The stranger has spent the day in viewing the city, and at
nightfall, the negro, true to his engagement, presents his sable
figure at his lodgings. A servant having shown him up stairs, he is
ushered into his presence, where, seeming bewildered, he looks about
inquiringly, as if doubting the object for which he has been
summoned. Abjectly he holds his tattered cap in his hand, and
tremblingly inquires what master wants with him.

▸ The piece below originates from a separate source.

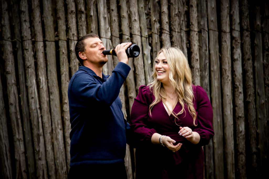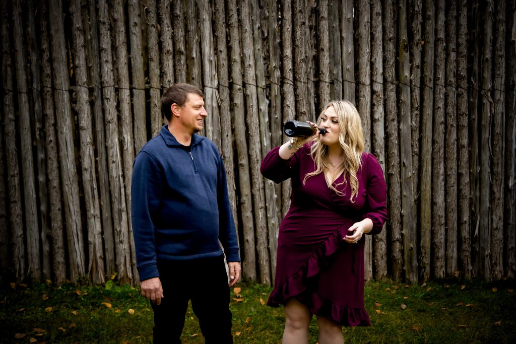 We’re off to Purple Hill today for Jenna & Dan’s big day. Excited to have the whole team- Clara, Lori (doing video) and myself there! Clara photographed their Engagement session Medway Forest London Ontario at the end of fall last year. They started with some photos with their gorgeous daughter and playful doggo, then couple photos including a champagne pop!
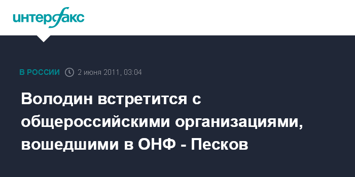 Володин встретится с общероссийскими организациями, вошедшими в ОНФ - Песков

"Have confidence, my good fellow," the stranger speaks, with a
smile; "my mission is love and peace." He places a chair beside a
small table in the centre of the room; bids the negro sit down,
which he does with some hesitation. The room is small; it contains a
table, bureau, washstand, bed, and four chairs, which, together with
a few small prints hanging from the dingy walls, and a square piece
of carpet in the centre of the room, constitute its furniture. "You
know Marston's plantation-know it as it was when Marston resided
thereon, do you?" enquires the stranger, seating himself beside the
negro, who evidently is not used to this sort of familiarity.
"Know 'um well, dat I does," answers the negro, quickly, as if the
question had recalled scenes of the past.
"And you know the people, too, I suppose?"
"Da'h people!" ejaculates the negro, with a rhapsody of enthusiasm;
"reckon I does."
"Will you recount them."
The negro, commencing with old master, recounts the names of Miss
Franconia, Clotilda, Ellen, Aunt Rachel, old Daddy Bob, and Harry.